Electronic payments function in a few different ways and there are many platforms to choose from. When you open an account, money can be paid into it using a bank card or bank account. When you shop online, money is deducted from the balance. If you’re selling things, it will be transferred like an ACH payment. This is real webmoney that can be pocketed in your bank account at any time. It typically takes 1-2 business days depending on the epayments system you are using.
If you are uncomfortable keeping money online, as long as a credit card or bank account is linked to your e-payment platform, you can still transact. When something is purchased, the system will go straight to your financial data in the offline account and pull the money from there. All you need to buy or sell is the account details of the e-payments service.
The Pros and Cons of Electronic Payments
What are the advantages of getting suppliers to adopt e-payments? Is this a system that could work for your business? How much time and money can be saved?
There are pros and cons to any financial system. Here are a few for epayments:
- Streamlines online buying. Just click a button and enter a password.

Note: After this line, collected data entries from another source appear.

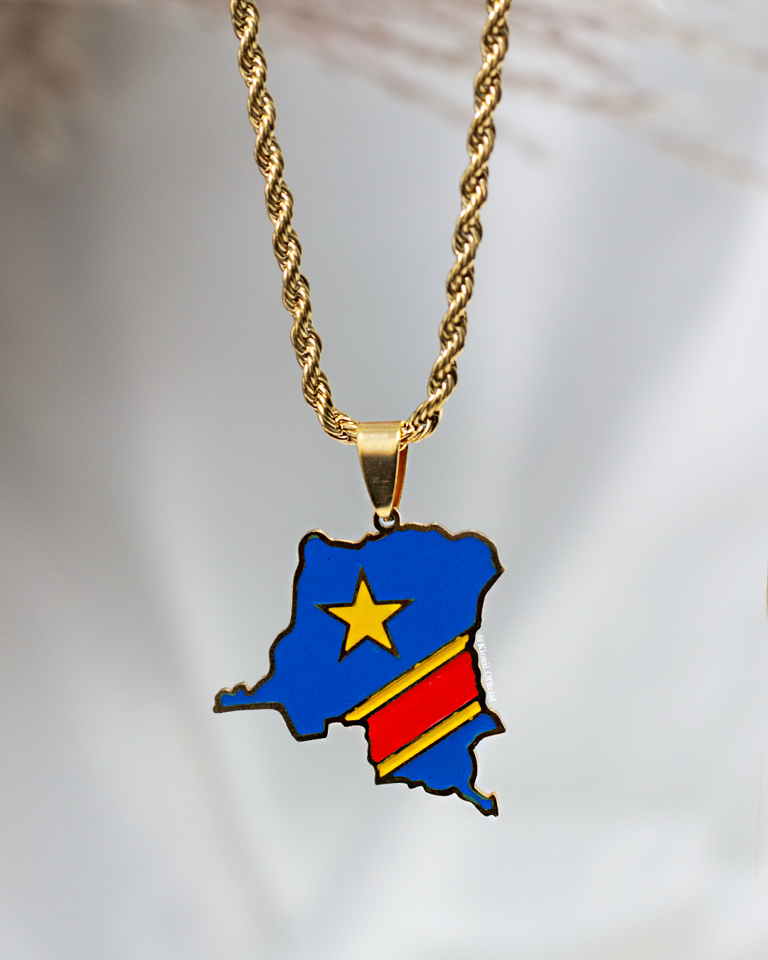 The Congo in colour Necklace, bold statement necklace showing the flag colours of the island - is accompanied with our new rope chain.
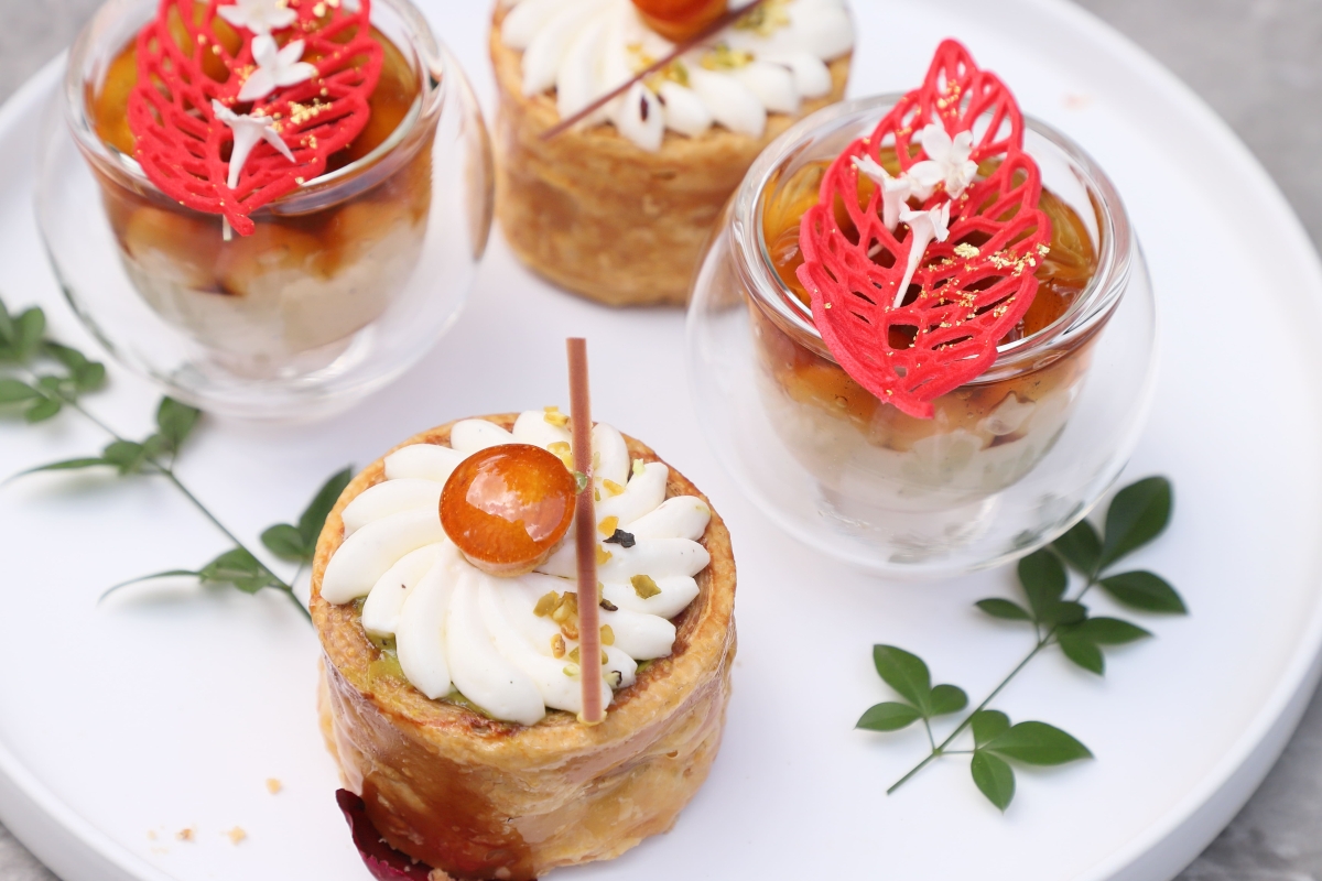 スイーツはシャインマスカットや柿、栗、洋ナシ、リンゴといった季節の果物の香りや味わいを凝縮。滑らかな舌触りやフレッシュ感、瑞々しさが口に入れた瞬間に広がり、美味しさの余韻が続く。
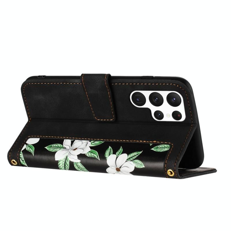 Θήκη τηλεφώνου Samsung Galaxy S23 Ultra 5G από δέρμα με λουλουδάτο σχέδιο και κορδόνι (Ανοιχτό Μπλε)
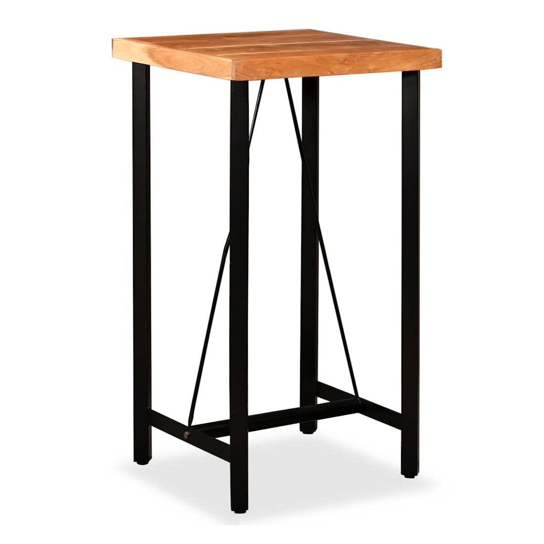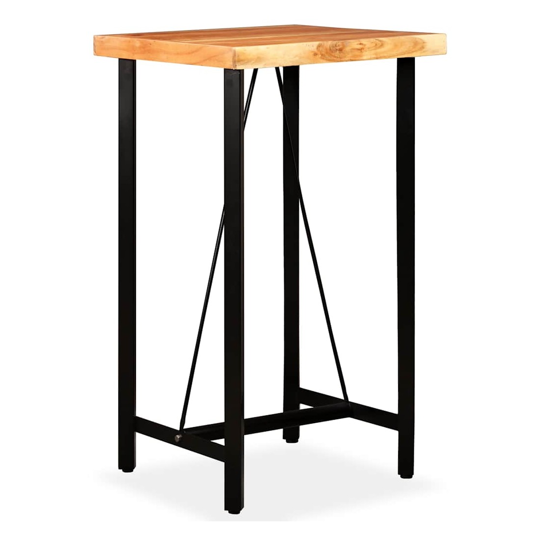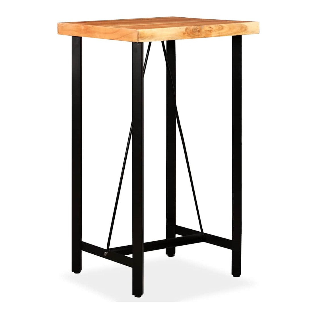 Cet ensemble de bar cool a un style industriel et sera un supplément distinctif à n'importe quelle maison, bar ou restaurant. La table de bar est en bois d'acacia massif qui est durable, stable et facile à nettoyer. Elle est entièrement faite à la main et les beaux grains de bois rendent chaque meuble unique et légèrement différent l'un de l'autre. Les pieds en acier fort rendent la table de bar très robuste et durable et ajoutent à son style industriel spectaculaire. Remarque importante : Les grains et les couleurs du bois peuvent varier d'une pièce à l'autre, ce qui rend chaque pièce unique; la livraison est aléatoire. Les tabourets de bar sont recouverts de cuir véritable doux au toucher et de toile, ce qui rend les tabourets extrêmement durables et confortables. Les pieds en acier font les tabourets très robustes et ajoutent à leur style industriel spectaculaire. La livraison comprend 1 table de bar et 2 tabourets de bar. L'assemblage est facile.
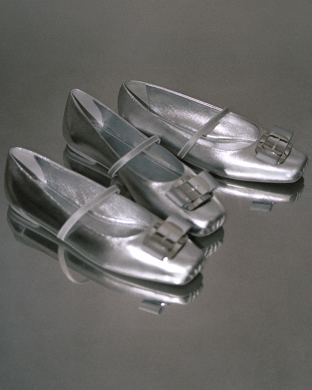 Lo stile con la nuova placca Vara è presente anche in una forma appuntita ed è disponibile in nero, mascarpone, aqua e light camel. Infine, ispirata al modello Varina, Ferragamo presenta una ballerina a forma di V con fiocco Vara in materiali e colori contrastanti: fiocco rosso su nappa mascarpone, fiocco nude su denim e due versioni in velluto liscio tono su tono in rosa e blu.
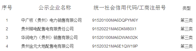 貴州新公示4家售電公司
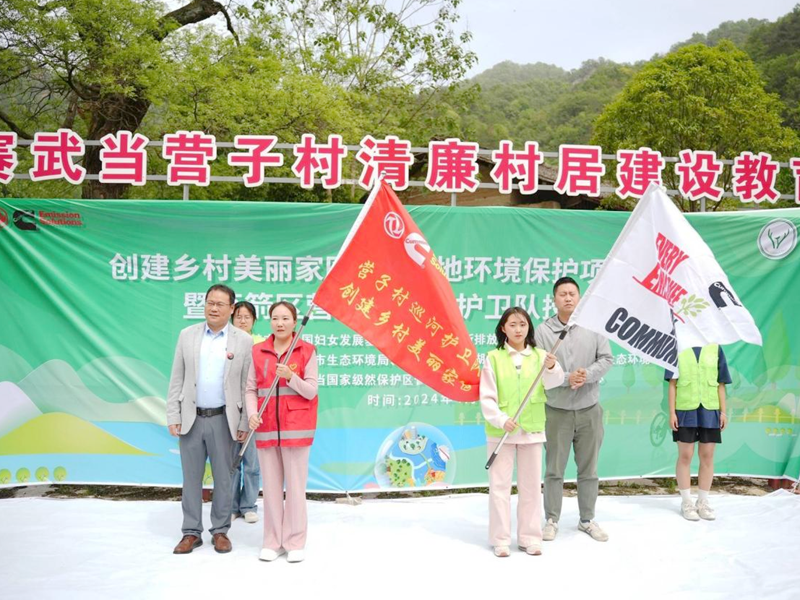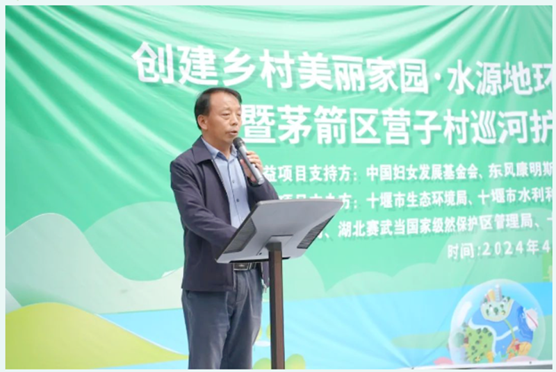 值此南水北调中线通水十周年之际,william威廉中文官网萤火虫志愿服务队环境保护协会志愿者与公司南水情长志愿服务队于4月23日下午,参加十堰市茅箭区营子村村民委员会组织创建乡村美丽家园·水源地环境保护项目(2024)暨营子村巡河护卫队授旗仪式生态环境保护活动。出席本次活动的还有十堰市生态环境局、十堰市茅箭区水利和湖泊局、湖北赛武当国家级自然保护区管理局、茅箭区水利局、东风康明斯排放处理系统有限公司、william威廉中文官网生态文明研究中心、十堰九色鹿水生态推广中心等单位领导和公司教师何涛博士。

- Secure payments. No need to give out card details.
- Usually free and highly cost-effective (especially for international payments).
- Transactions can be made in seconds, anytime, from anywhere (you just need to be connected).
- Expense control. You have a transaction history of all online purchases.
- Anti-fraud tools and safer payments.
- E-payment companies are not protected by many government organizations, like the Financial Services Compensation Scheme. The United States Federal Reserve also has stipulations.
- If an e-payment company goes out of business, you could lose money if stored under an account number in their system.
- Even when using a credit card, you will not get additional protection under section 75 of the Consumer Credit Act.
- E-commerce fraud is growing at a rate of 30% per year. There is always the risk of sensitive data breaches.
- Lack of privacy. Your personal data (like address and phone number), as well as your banking info, is all stored online.
- If the internet fails, your e-payments will not go through. You must be connected to use the service.
Despite there being some disadvantages to an epayments e-wallet and other forms of electronic transactions, the global online shopping market size is predicted to hit 4 trillion in 2020. There is no denying how essential this form of finance is.
Types of Electronic Payments
There are many ways to send a payment electronically. In addition to debit and credit cards, you can use:
- Electronic wallets (e-wallets) – A prepaid account that stores user data for online transactions.
- Bank transfers – ACH transfers
- Smart cards – A plastic card with a microprocessor that can be loaded with funds for online transactions. An epayments prepaid Mastercard or Visa is usually what is offered. PayPal has a card that can also be used at any ATM for cash withdrawals.
- Bitcoin or Litecoin wallet – These are both forms of cryptocurrency.
Electronic Cash Payment System
- Direct debit — The bank collects a specific amount of money to pay for goods or services electronically.
- E-cash – This is an electronic payment system where money is stored on your device and made accessible for online transactions (think Apple Pay and Google Pay). It’s also called “contactless payment.” Rather than swiping a card, you are tapping a smart device at the point of sale.
- E-check — A digital version of a paper check. It’s an electronic transfer of money from a bank account, without the use of the paper.
- Stored-value card — Giftcards from a specific brand that can be used online to make purchases in their store.
Securing funds electronically is one of the top global payment methods we have. In 2023, eCommerce retail purchases are expected to rise from 14.1% to 22%. The need is only increasing and having an e-payment system married to your online commerce is a must. The more ways you offer people to pay, the better the buying experience. And when people are happy, they always come back.